Recently I have wanted to chart some cost data I collected on various foods. As a baseline for discussion, here is a very vanilla excel type graph, reminiscent of ones I am certain you have seen in powerpoint presentations:
This is not a good graph for several reasons
- Only provides a general overview of the data – some foods are cheaper, some more expensive, so what?
- Labels feel cramped and ugly.
- The grid is too prominent and distracting, without being very helpful – you can’t read accurate values from it.

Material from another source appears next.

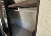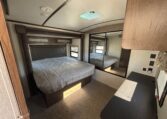 The private king-bed suite offers a mirrored wardrobe, dresser, and generous overhead storage. The Lippert Ground Control Auto-Leveling System, Polar Package+, power tongue jack, and rear cargo rack make campsite setup simple.

The biggest problem is that it doesn’t “invite the eye to compare”. It doesn’t leave an impact. The first step to addressing this is to revisit the data – it’s quite possible you just have boring data. In this case, I improved the data by coding it according to whether it is vegetarian or not.
For the next iteration of this graph, I colored the graph to highlight the vegetarian aspect of the food. To address the other issues, I moved the labels into the legend, and completely removed the grid, instead displaying the values directly on the graph. This technique works due to the low number of data points. You can think of it has “enhancing” the table rather than displaying a high level overview of it. Also, a serif font (georgia) was used.
This is certainly an improvement, but it still has its flaws
- 8 different colors, which distracts from the data, and the vegetarian data is muted.
- It is much harder to identify the food with the data point, now that the labels have been moved into the legend.
I iterated again, moving the labels back down to the x-axis, which in addition to solving the identification problem, allowed me to drop back down to 2 colours. In our initial graph this felt cramped, so I added some more whitespace and also kept the serif font from the last iteration.
This version of the graph speaks much louder. It’s easier on the eye, and the conclusion I want to draw from the data is clearly expressed. I am using this graph (with proper references and notes) on a new information site I’m working on – it’s far from complete but you can follow along on github if you’re interested.
The first graph was made with OpenOffice spreadsheet, the second with a hacked version of flot for jQuery. The final graph was made with a new jQuery plugin I wrote called tufte-graph. There is a meta-lesson here – I spent hours hacking different JS libraries to try and get them working exactly how I wanted, in the end the quickest solution was to just write what I needed.
I use Colour Lovers to find color nice colour palettes. Works much better than trying random RGB codes.
Spend time on your graphs. A picture is worth a thousand words. They are too often neglected, and it doesn’t take much effort to make them really shine.